혈관, 담도 등 혈액이나 체액의 흐름이 악성 혹은 양성질환의 발생으로 순조롭지 못할 때, 각종 질환이 발생할 수 있다. When the flow of blood or body fluids, such as blood vessels and biliary tracts, is not smooth due to the occurrence of malignant or benign diseases, various diseases may occur.
혈관의 경우, 혈액순환 장애 및 및 근육통증이 유발되기도 하며, 증상이 심할 경우에는 해당 부위를 절단해야할 수도 있으며, 담도의 경우, 종양에 의해 좁아지거나 폐쇄되어 담즙의 배설이 원활치 못할 경우에 발열, 황달, 가려움증, 패혈증 등의 증상이 발생될 수 있다.In the case of blood vessels, blood circulation disorders and muscle pain may be caused, and in severe cases, the site may need to be cut, and in the case of bile ducts, fever, when the excretion of bile is not narrowed or closed by the tumor, Symptoms such as jaundice, itching and sepsis may occur.
이러한 질환을 치료하기 위해 풍선카데터 등의 기구를 혈관 및 담도에 삽입하여 좁아져 있는 혈관 및 담도의 내벽을 확장시키는 풍선 확장술이 시행되고 있다.In order to treat such a disease, balloon dilatation is performed to expand the inner walls of narrowed blood vessels and biliary tract by inserting a balloon catheter or the like into blood vessels and biliary tract.
하지만, 이러한 풍선 확장술은 확장된 혈관 및 담도의 만성수축 및 신생내막 증식으로 인해 시술 이후 혈관 및 담도가 다시 좁아지거나 막히는 재협착이 발생할 수 있는 문제점이 있다.However, such balloon dilatation has a problem that stenosis may occur after the procedure is narrowed or blocked again due to chronic contraction of neovascularized biliary tract and endothelium proliferation.
이러한 문제점을 해결하기 위해, 대한민국 공개특허공보 공개번호 제2012-0138974호 (공고일 : 2012.12.27, 이하, 종래기술이라 칭함)에서는 혈관성형술 이후, 혈관 내부에 삽입 설치하여 혈관 내벽을 지지함으로써, 혈관의 만성수축으로 인해 발생되는 혈관의 재협착을 방지하는 스텐트를 제시하였다.In order to solve this problem, Korean Laid-Open Patent Publication No. 2012-0138974 (announced: 2012.12.27, hereinafter referred to as the prior art) after the angioplasty, by inserting the inside of the blood vessels by supporting the inner wall of the vessel, A stent is proposed to prevent stenosis of blood vessels caused by chronic contraction.
하지만, 종래기술은 혈관을 지지하는 스텐트가 금속 와이어로만 구성되어 있어, 병변부위를 통과하는 혈액, 담즙 및 단백질 지꺼기 등의 물질이 스텐트에 침착될 수 있고, 스텐트를 통과하는 물질이 병변부위에 접촉되는 것을 방지할 수 없으며, 와이어의 틈으로 신생내막이 증식할 수 있어, 재협착이 발생될 수 있는 문제점이 있었다.However, in the prior art, since the stent supporting the blood vessel is composed of only metal wires, materials such as blood, bile and protein debris passing through the lesion site may be deposited on the stent, and the material passing through the stent may contact the lesion site.

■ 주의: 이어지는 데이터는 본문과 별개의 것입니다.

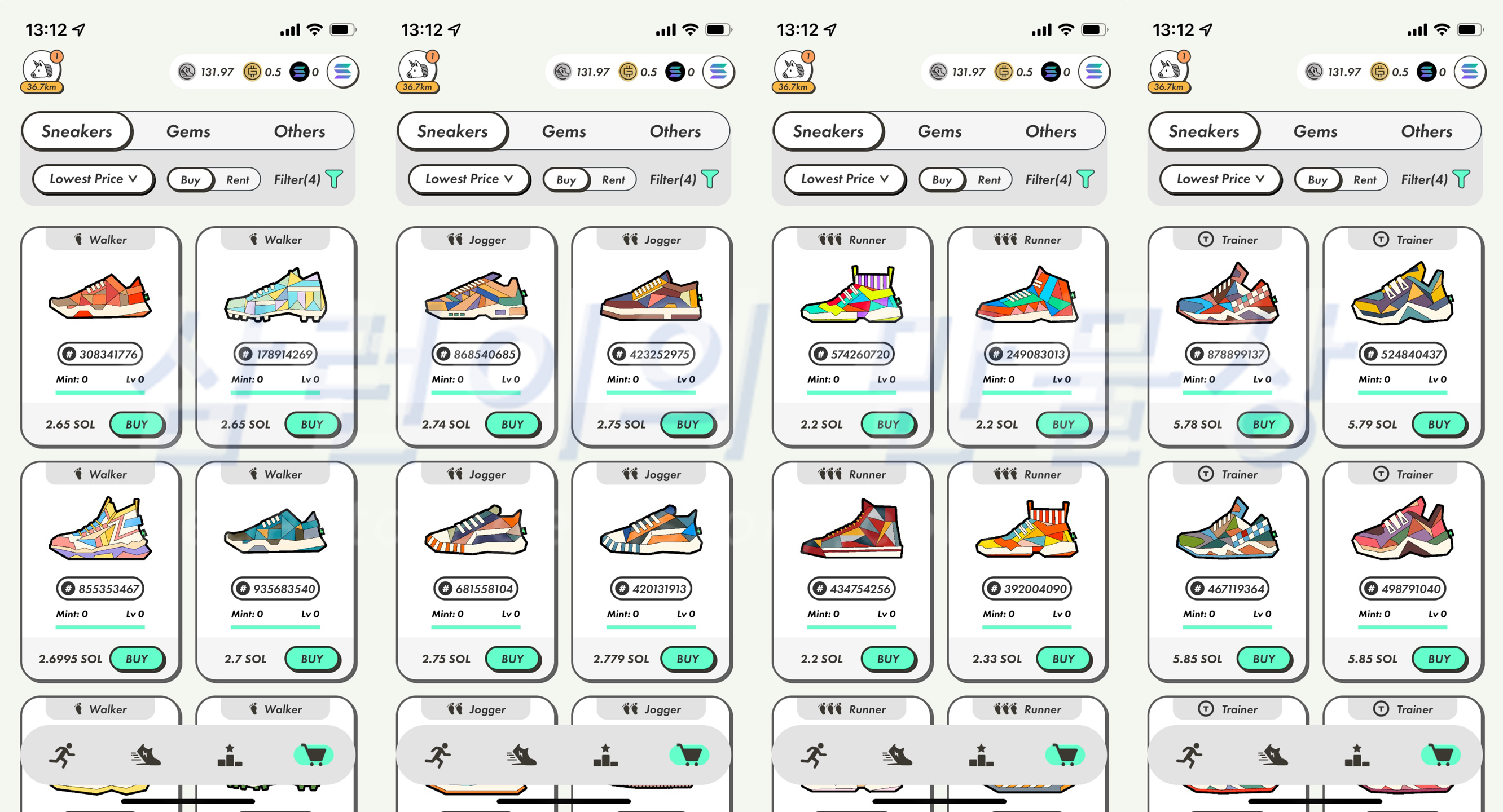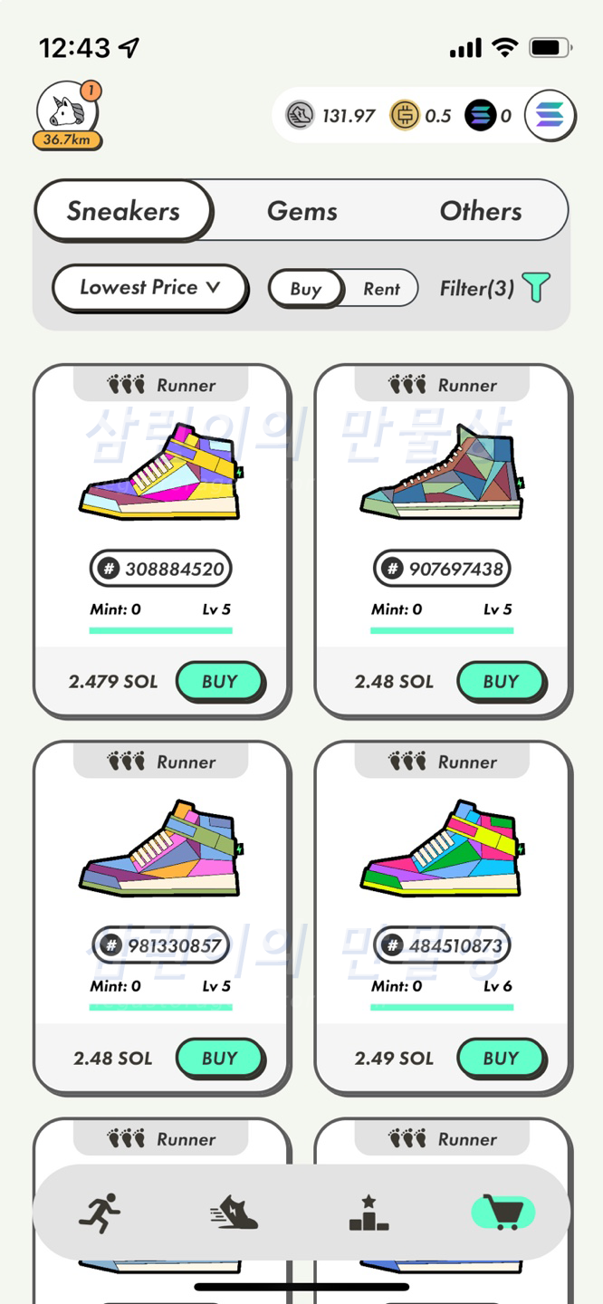 민팅을 하기 위해서는 신발을 사야 합니다. 가장 최저가로 진행을 해 볼 것이므로, 커먼 등급의 레벨 5 러너 신발의 가격을 확인해봅시다. 아, 민트 카운트는 모두 0으로 찾아봤습니다.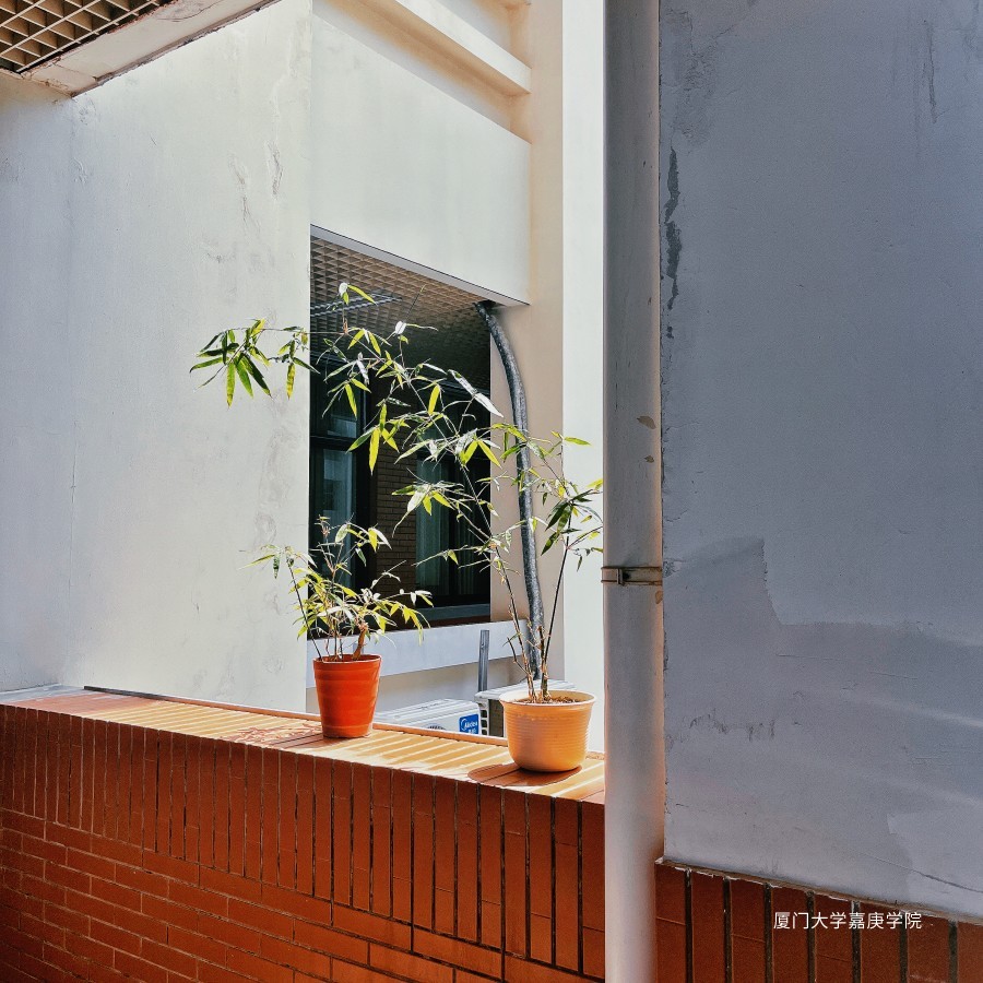 主一走廊的两小盆盆栽,虽然只有几缕阳光透过墙面过来;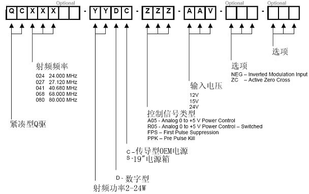 型号例子:QC041-20DC-FPS-15V,41MHz OEM型射频电源,输出20W,数字调制输入,带首脉冲抑止,要求输入直流电源15V。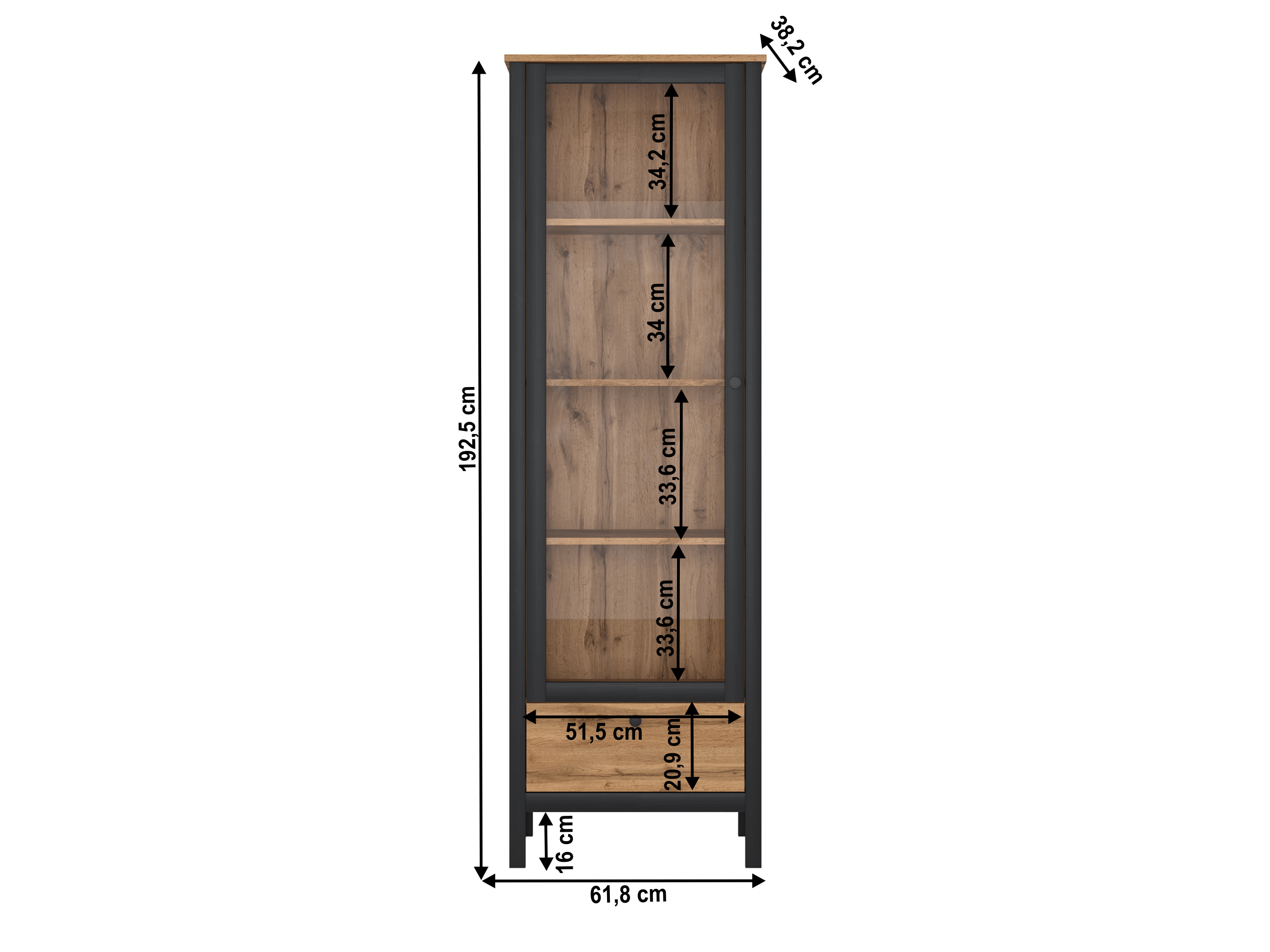 Vitrína Lorcan 1w1s (dub wotan + černá)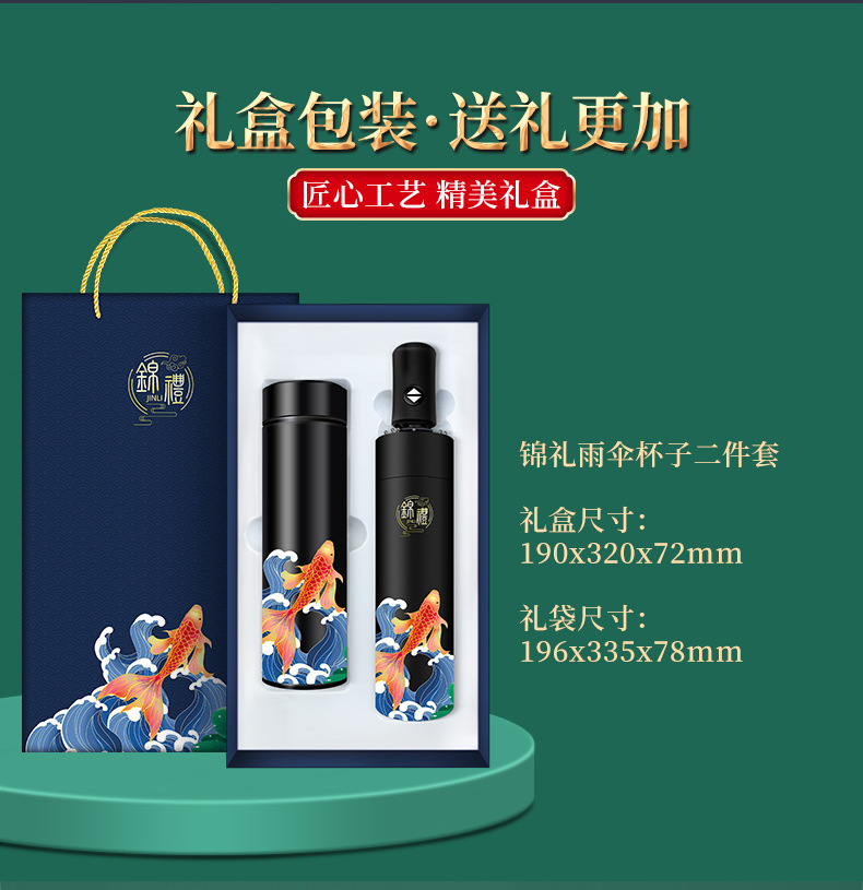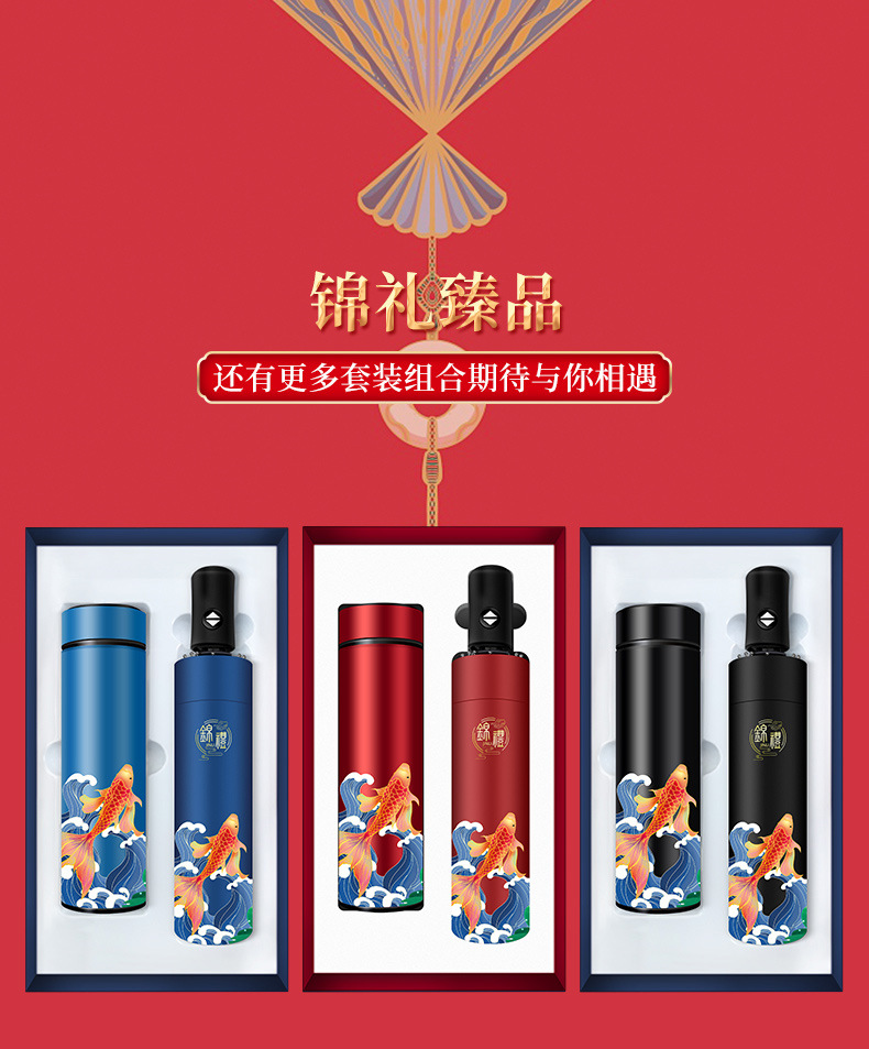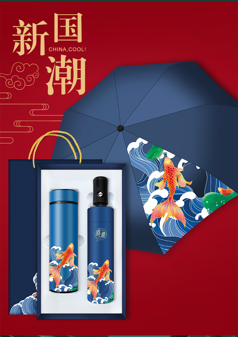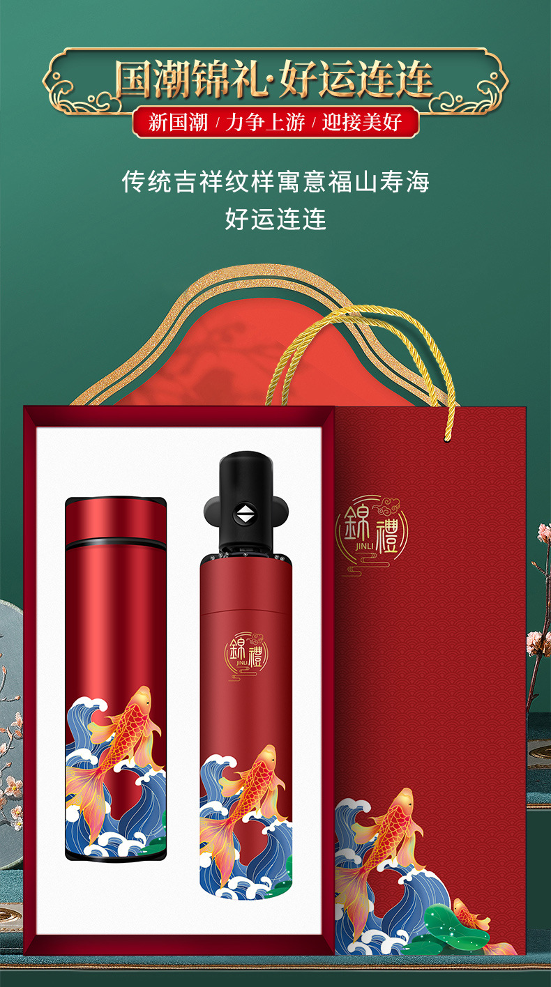 商务礼品国潮锦鲤保温杯雨伞套装公司logo周年庆送客户员工伴手礼

There is a problem that can not be prevented, the neo-intima can proliferate into the gap of the wire, the restenosis may occur.
본 발명은 상술한 문제점을 해결하기 위한 것으로, 병변부위를 통과하는 물질의 침착을 방지하고, 혈관 및 담도에 밀착되어 물질로부터 병변부위를 보호하며, 신생내막의 증식으로 인한 혈관 및 담도의 재협착을 방지하는 스텐트를 제공하는데 그 목적이 있다.The present invention is to solve the above-mentioned problems, to prevent the deposition of the material passing through the lesion site, close to the blood vessels and biliary tract to protect the lesion site from the material, stenosis of blood vessels and biliary tract due to neoplasia The purpose is to provide a stent to prevent.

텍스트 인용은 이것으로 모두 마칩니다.